Expressions

An expression computes a value. ik expressions use conventional operator precedence; all binary levels are left-associative and may be chained.

Primary expressions

A primary expression is the smallest unit:

  • a numeric literal (42, 0xF0), a fixed-point literal (3.14), a boolean (true/false), or a character literal ('A');

  • a string literal ("text");

  • a variable, register, or array element ($x, %PORTB, $buf[i]);

  • a function call (@name(args) or indirect @$ptr(args));

  • a parenthesised expression (( ... )).

Operator precedence

From lowest to highest binding. Operators in the same row share a precedence level and associate left to right.

Prec

Operators

Description

1

||

logical OR (short-circuit)

2

&&

logical AND (short-circuit)

3

|

bitwise OR

4

^

bitwise XOR

5

&

bitwise AND

6

== !=

equality

7

< > <= >=

relational

8

+ -

additive

9

* / %

multiplicative

10

! ~ - & * (unary)

unary prefix (right-assoc.)

Use parentheses to make intent explicit; the unary minus in (-$val) -> $res is parenthesised in the standard examples for exactly this reason.

Arithmetic operators

+, -, *, /, % perform integer arithmetic at the operands’ width. Division and modulo are integer operations. On fixed-point r16 values, prefer the std/math — Fixed-point math routines, which rescale correctly.

Integer arithmetic wraps at the type width (modular arithmetic). For example, -$val on a u8 holding 5 yields 0xFB (251), the two’s complement byte; on a u16 it yields 0xFFFB (65531).

Bitwise operators

&, |, ^ are bitwise AND, OR, XOR. ~ is unary bitwise NOT (one’s complement): ~5 on a u8 is 0xFA (250).

Comparison operators

==, !=, <, <=, >, >= compare two values and yield a boolean (1 or 0). They are the conditions you put after ? and inside loop bounds.

Logical operators

&& and || are short-circuiting logical AND and OR over boolean (nonzero = true) operands. ! is logical NOT: !0 is 1, !$x is 1 when $x is zero and 0 otherwise.

Address-of and dereference

In operand (unary, prefix) position:

  • &expr takes the address of a location, producing a pointer. &$value is a pointer to $value; &@func is a function pointer to @func.

  • *expr dereferences a pointer, reading or writing the pointed-to value. *$p reads, and *$p -> $x reads through $p, while $v -> *$p writes through it.

These are syntactically distinct from the infix & (bitwise AND) and * (multiply): the parser decides based on position. & and * between two operands are the binary operators; at the front of an operand they are address-of and dereference.

Array indexing

base[index] selects an element.
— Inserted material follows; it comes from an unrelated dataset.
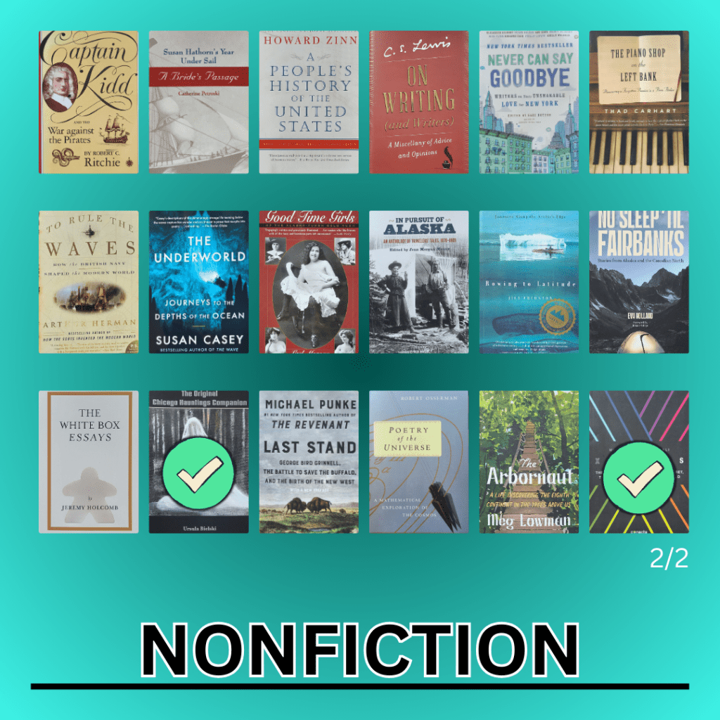 Out of the 224 books I own, I’ve read six (one title is missing from my slides), bringing my unread books down from 140 to 134. That’s a decrease from 62.5% unread to 59.8% unread. I’m on my way to my 25%!

The index is any expression, so dynamic indexing is allowed, and an indexed element is a valid assignment target:

$buf[0]       # read element 0
$buf[$i]      # read element $i (runtime index)
10 -> $buf[2] # write element 2

Function calls

A direct call names the function with its @ sigil:

@delay_ms(500)
ram imut $n: u16 = @square(7)

An indirect call goes through a function-pointer variable, combining the sigils as @$var:

ram imut $f: fn(u8) -> u8 = &@double
ram imut $r: u8 = @$f(21)

Argument expressions are evaluated and passed in order. See Functions for the calling convention and Compiler intrinsics for the compiler-provided @ operations that look like calls but emit single instructions.